I had no food revelation in Laguna, then, other than my observation that you ought to get used to hearing people say, "pixa," and "Pexi," in place of our English words pizza and the soft drink Pepsi-Cola. In Tucson I have heard this Latino-ism from time to time as well.
To make this Brazilian shrimp, you begin with chopped onions, garlic and bell peppers in olive oil (the only oil my husband cooks with). I would use red or yellow peppers because sometimes I don't like the appearance of green peppers, as in spaghetti sauce or other tomato preparations. Pour the coconut milk, whatever quantity you have in relation to the amount of shrimp, and then bring it to the correct appearance with tomato paste. This involves calculating how you want it to taste, and I don't see why you would not taste it for salt and pepper, as well as tomato concentration.
When the sauce feels right--my husband is the judge of this--you add your uncooked shrimp, either peeled or unpeeled. This is the crucial point in making this dish, because you want to cook the shrimp but not overcook them into hard little contracted muscles.
This dish is served over rice. My husband will be cooking the rice as he does the rest of the shrimp dish; I am not needed, which is why I am writing at our hosts' dining table while he does all the work. Later I hope to make them a beautiful Famous Chocolate Cake, whenever I can get the ingredients (the unsweetened chocolate is, so far, a shopping challenge that I have not yet overcome). I sure wish I knew where stuff is in Puntarenas, like I do in Tucson. If I were there I would know to head straight to Sprouts for their fine-quality baking chocolate.
On the subject of olive oil, by now I have learned to keep different kinds of it in my kitchen. There is the green, fruity extra-virgin olive oil from various places like Spain, Greece or Italy--that is for anything that is not cooked.
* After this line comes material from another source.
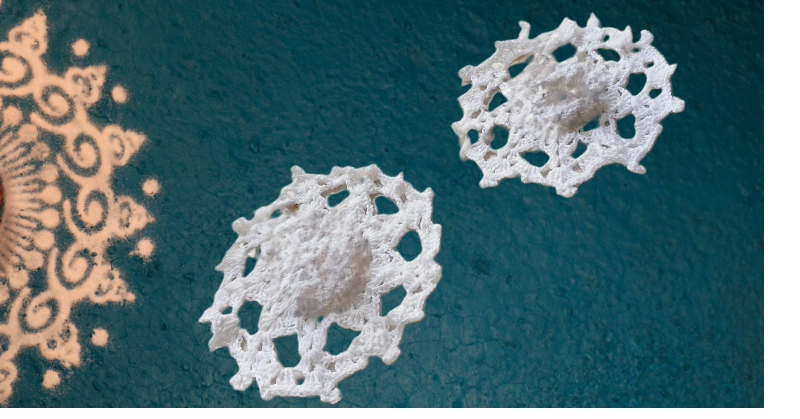 Unique lamp mat designed with origami-style crochet folds. Clean finish matches any setting. Comes in sets of 2.

Regular olive oil (of a good quality) serves for everything my husband cooks. He does not use butter in cooking, as I do.
I don't use olive oil in salad dressing, though, because it congeals in the refrigerator. For that I use safflower oil, canola oil and walnut oil. I sometimes mix the proportions. And on the subject of salad dressing, my Bernice's French Dressing has been a great success here; I need to make up a third recipe to keep at the hotel where our manager and his family love it. His wife got the recipe and plans to have it available at her house.
Perhaps I have a marketing option here--make it up and bottle it!